Dataset section:
-=-=-=-=-
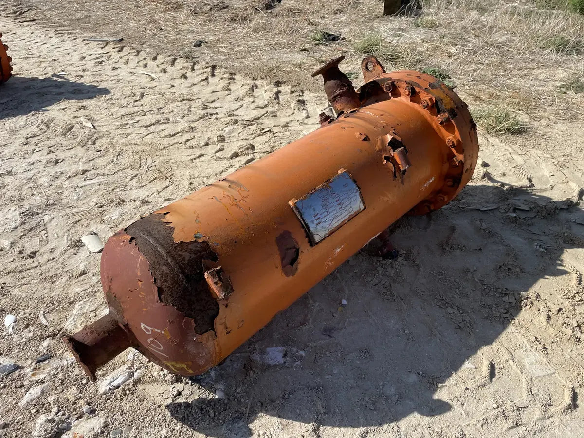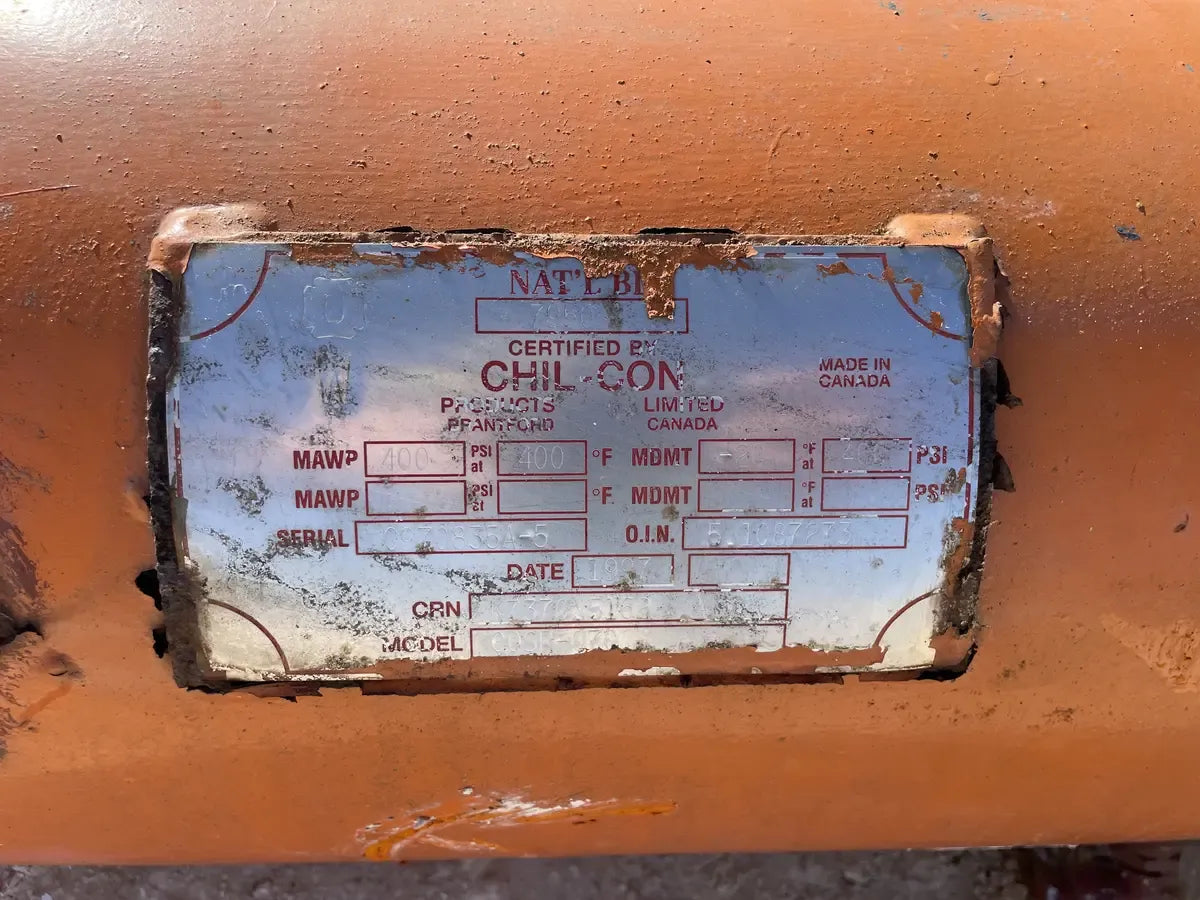 Separador de aceite horizontal Chil-Con COSR-070 (12-3/4 pulg. x 32-5/8 pulg. 20 galones) Número de serie: C970855A-5. Número de la Junta Nacional del tanque: 7950. Capacidad estimada del tanque (galones): 20. MAWP del tanque (PSI a temperatura): 399 PSI a 400 F. MAWT del tanque (PSI a temperatura): -20 F a 400 PSI. El refrigerante anterior era amoniaco (R717 | NH3). Fabricado en 1997. Dimensiones de envío (pulgadas): 42 x 17 x 17. 650 LB
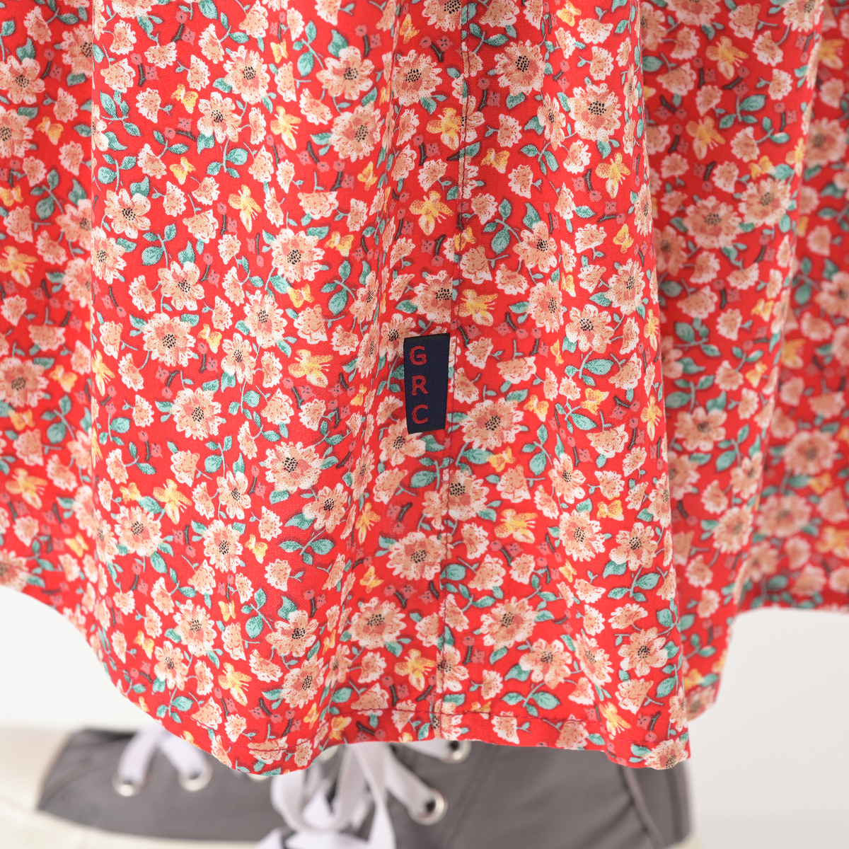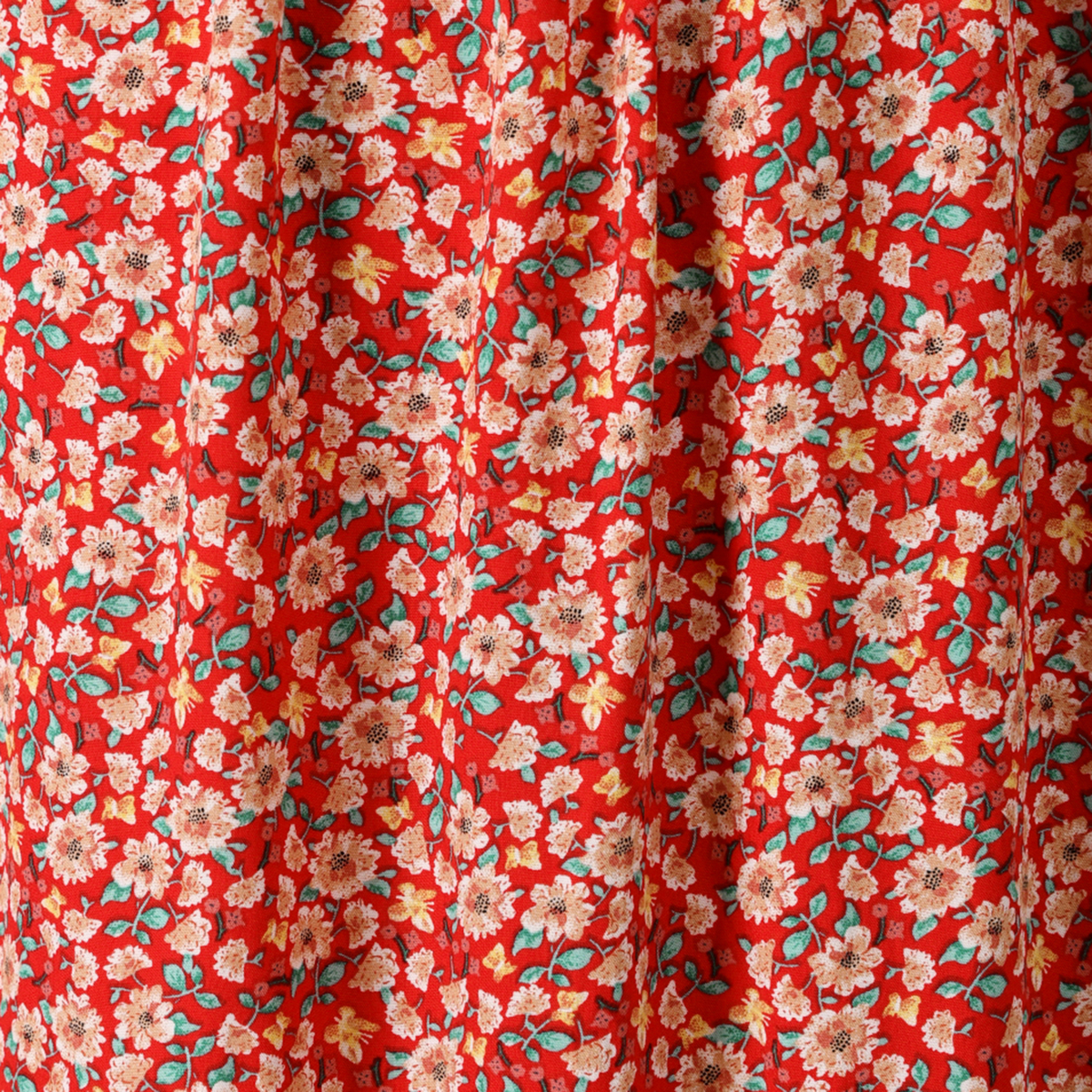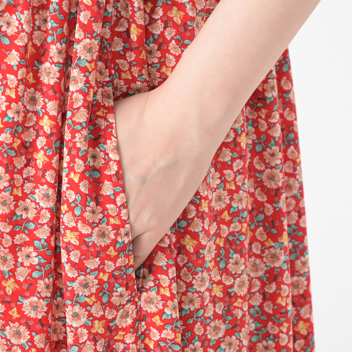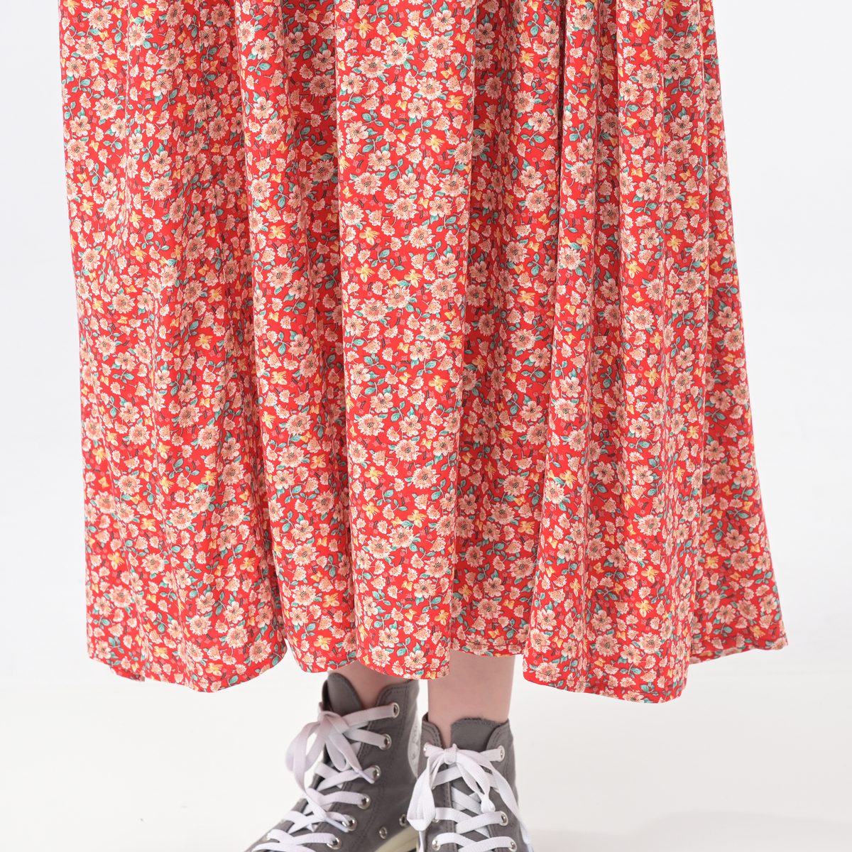 可憐な小花柄の総柄プリント布帛生地を使用。透け感が気になりにくいやや薄手のサラッとした肌触りで、レーヨン特有のとろっとした落ち感が魅力。ロング丈でも軽い着心地の素材感です
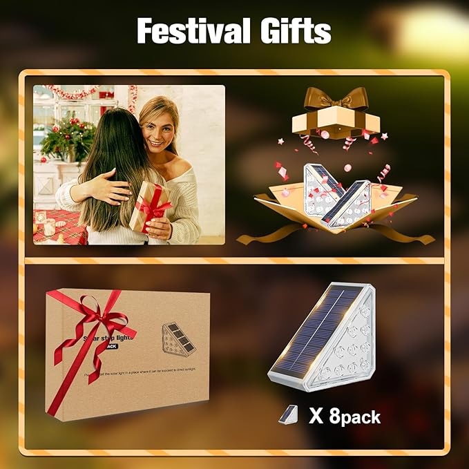 - Stylish & Functional: Illuminate your steps with our step lights outdoor, designed to cast a bright beam that ensures every inch of your stairs is clearly visible, reducing the risk of accidents or falls. These solar lights for steps outside also elevate the aesthetic appeal of your patio, enhancing the overall appearance of your outdoor space. Don’t settle for ordinary lighting—upgrade to our solar stair lights for the perfect blend of style and functionality.
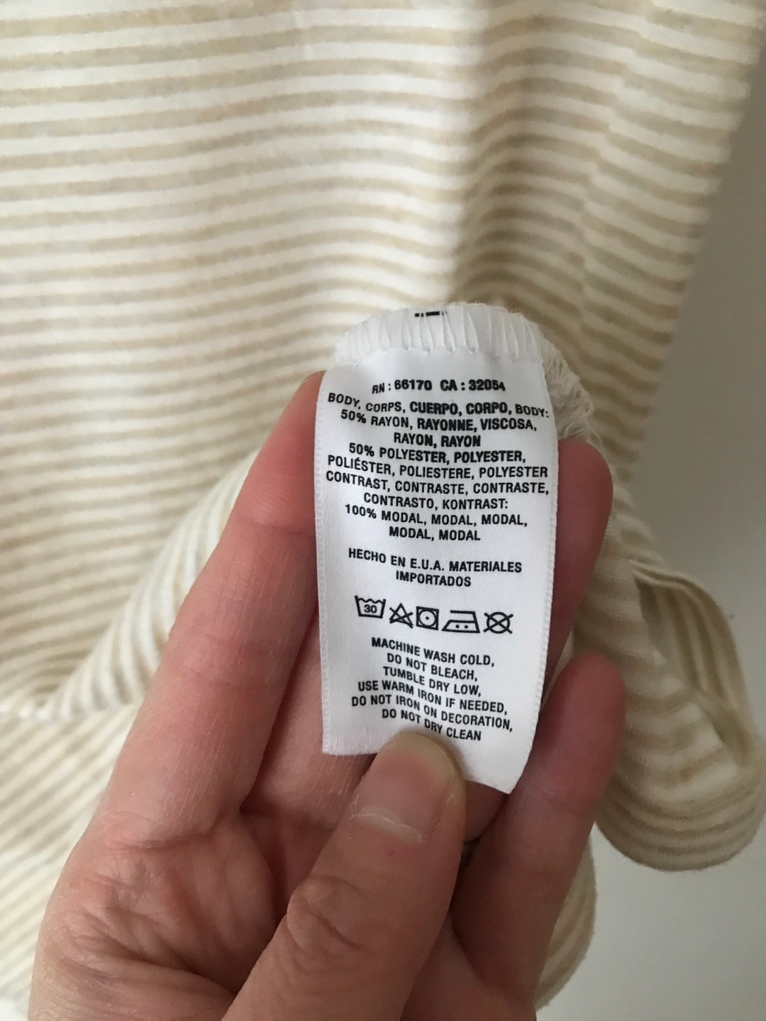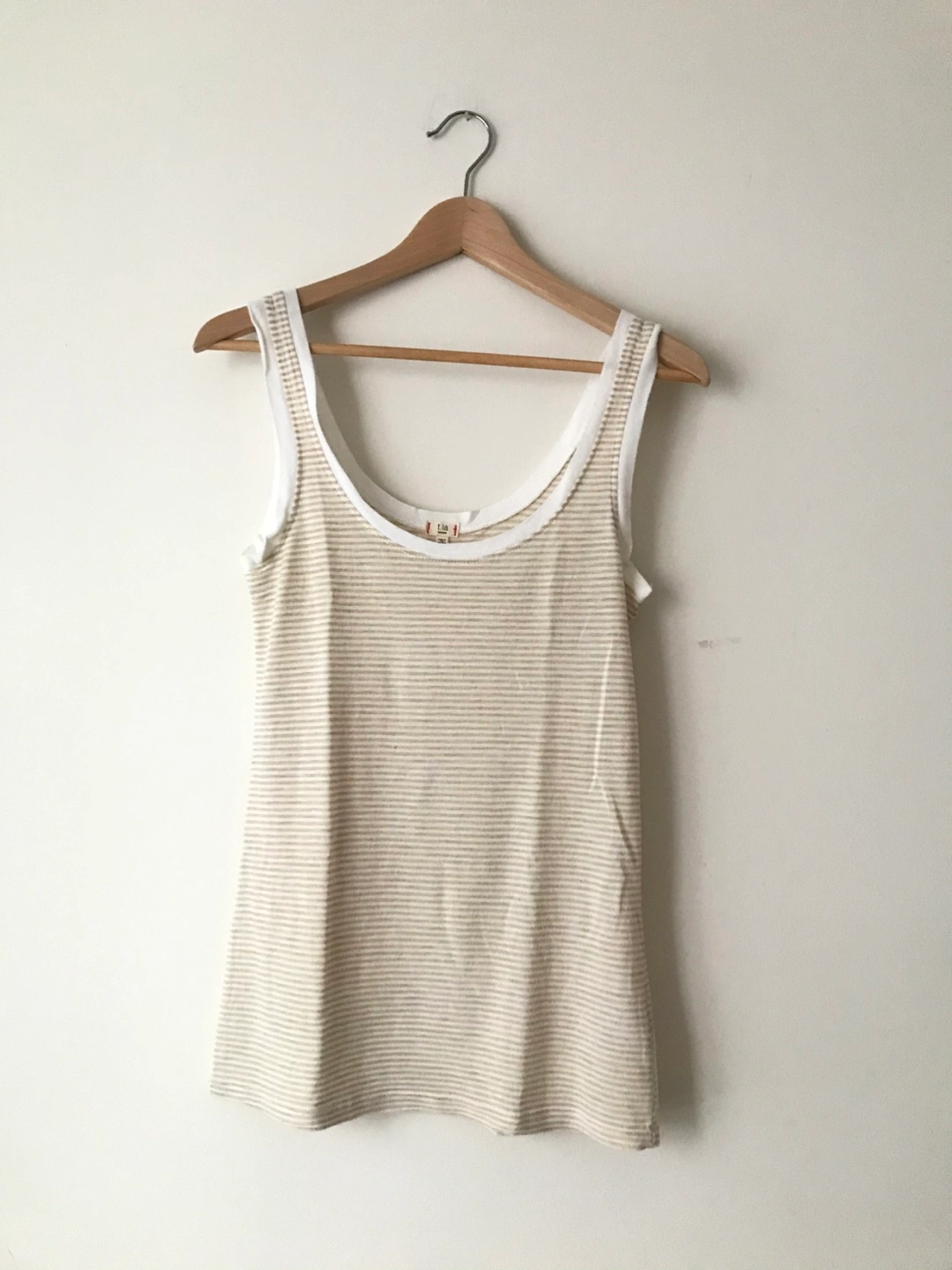 Beige and white striped tank top. Scoop neck. Made in the U.S.A. 50% Rayon, 50% Polyester. Contrast: 100% Modal.
-=-=-=-=-
What is required:
Could you restate exactly the lines from the line containing "- Stylish &" through the end of the listing, both ends included and nothing else, leaving the images out?

Output for this exercise:
 - Stylish & Functional: Illuminate your steps with our step lights outdoor, designed to cast a bright beam that ensures every inch of your stairs is clearly visible, reducing the risk of accidents or falls. These solar lights for steps outside also elevate the aesthetic appeal of your patio, enhancing the overall appearance of your outdoor space. Don’t settle for ordinary lighting—upgrade to our solar stair lights for the perfect blend of style and functionality.
 Beige and white striped tank top. Scoop neck. Made in the U.S.A. 50% Rayon, 50% Polyester. Contrast: 100% Modal.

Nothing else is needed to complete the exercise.